Pour vivre cette aventure unique dans une vie, elle s’est tournée vers sa complice des 40 dernières années, son amie Marie-Claude Genette avec elle elle forme l'équipe Les courants roses. C'est que les deux amies travaillent chez Hydro-Québec et souhaitaient que le nom de leur équipe fasse un clin d'oeil à leur employeur commun.

« C’est un rallye 100% féminin et Marie-Claude rêve d’y prendre part depuis qu’elle est toute petite. Comme ça fera quatre décennies que l’on est amies, on a décidé de faire d’une pierre deux coups et de se lancer là-dedans la tête première. Avant le grand départ, il faudra franchir plusieurs étapes, dont celle d’amasser 37 000$ à deux», résume-t-elle au bout du fil. 

Une préparation de longue haleine 

En plus de couvrir les frais d’inscriptions et d’entretien du véhicule utilisé pendant le Rallye, la somme servira aussi à financer différents organismes. « En plus d’aider les communautés locales du Maroc, avec du matériel que l’on apportera dans nos bagages, de l’argent sera remis au Club des petits déjeuners et à la lutte contre le cancer du sein. Si on parvient à amasser plus que la somme requise, l’excédent ira à une cause de notre choix. Dans notre cas, ce sera à la lutte contre le cancer du sein.» 

Pour s’assurer d’amasser la somme requise les deux amies tiendront différentes activités de financement d’ici leur départ. On peut aussi les soutenir via un don sur le site Internet La Ruche.

En plus de l’aspect financier, Mme Murray, qui agira comme conductrice, devra aussi suivre des cours. « On doit apprendre comment conduire dans le sable et hors piste. Je serai au volant d’un véhicule side-by-side. C’est une formation obligatoire quand on s’inscrit. On apprendra aussi comment utiliser une boussole, car on  n’a pas le droit d’utiliser un GPS. Je devrai aussi prendre des cours de mécanique en cas de bris pour que je sois autonome quant à la réparation», témoigne-t-elle. 

Une amitié mise à rude épreuve 

Dans le désert, les journées peuvent être longues et ardues en raison de la météo et des obstacles qui se présentent sur sa route. Est-ce que Mme Murray craint que la chicane s’invite au sein du duo? « C’est certain que ça peut se produire, on en est conscientes. Par contre, dans le passé, nous sommes toujours arrivées à se parler et à résoudre nos conflits. Je dois avouer qu’on s’est très peu chicanées depuis qu’on se connaît. On a aussi mis les choses au clair dès le départ en précisant les rôles et responsabilités de chacune. Par exemple, je conduis et je répare les bris mécanique et elle la copilote. Si elle me dit de tourner à droite, je le fais sans discuter. On s’est promise de faire un reset à la fin de chaque journée. Si on s’est perdues quatre heures la veille, on l’oublie le lendemain matin et on repart notre journée du bon pied.» 

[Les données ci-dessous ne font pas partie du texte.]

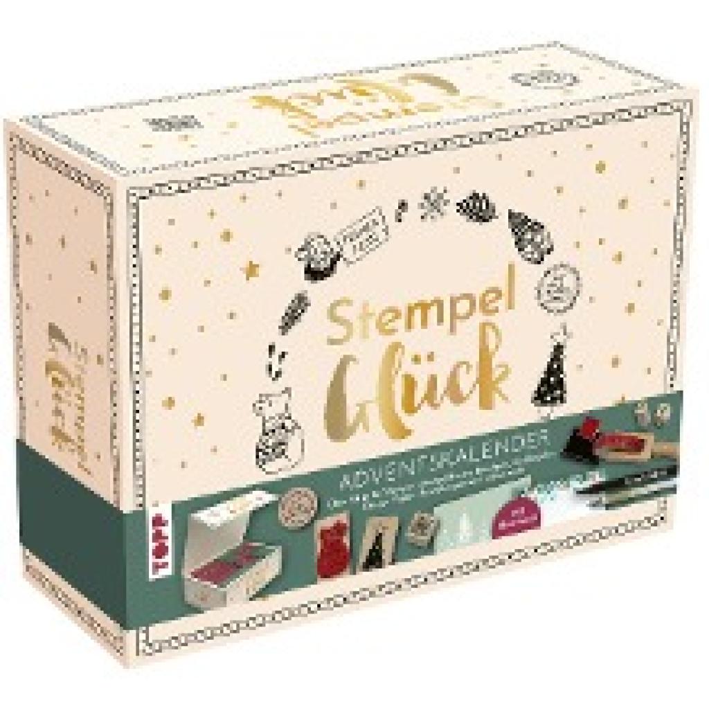 Box mit Magnetverschluss, Material für 24 Stempelprojekte, 29 Holzstempel, Buch (48 S., DIN A5, Softcover) uvm.

Mme Murray est toutefois confiante que son amitié avec sa coéquipière survivra à l’aventure. « Ses faiblesses sont mes forces et vice-versa. On se complète bien, je ne suis pas inquiète.» 

Au total, le voyage durera dix jours, mais la course se tiendra sur six jours. « Une journée, on sera en autonomie complète pendant 24 heures. C’est-à-dire qu’on devra dormir dans une tente dans le désert. Sinon, les autres soirs, ce sera dans un bivouac, soit une grosse tente. 

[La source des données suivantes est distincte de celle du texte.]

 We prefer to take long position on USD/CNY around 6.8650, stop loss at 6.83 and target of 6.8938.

Est-ce la paire craint la chaleur du désert? «  Il fait assez chaud là-bas, même si en hiver. Il faudra s’hydrater souvent. Sinon, d’anciennes participantes nous ont précisé avoir eu de la difficulté à gérer les vibrations émises par le side-by-side et avoir besoin de traitements d’ostéopatie en soirée. C’est dur de se préparer à ces deux aspects, mais on va se maintenir en bonne forme physique.» 

Notons que les intéressées à suivre la paire pendant le Rallye pourront le faire en direct sur le site Internet. Au total, 250 participantes se prêteront à cet exercice. Les pays qui y seront les plus représentés sur le parcours sont la France, le Canada et la Belgique. 

Les personnes intéressées à soutenir financièrement le duo peuvent faire un don à l'équipe via la plateforme La Ruche.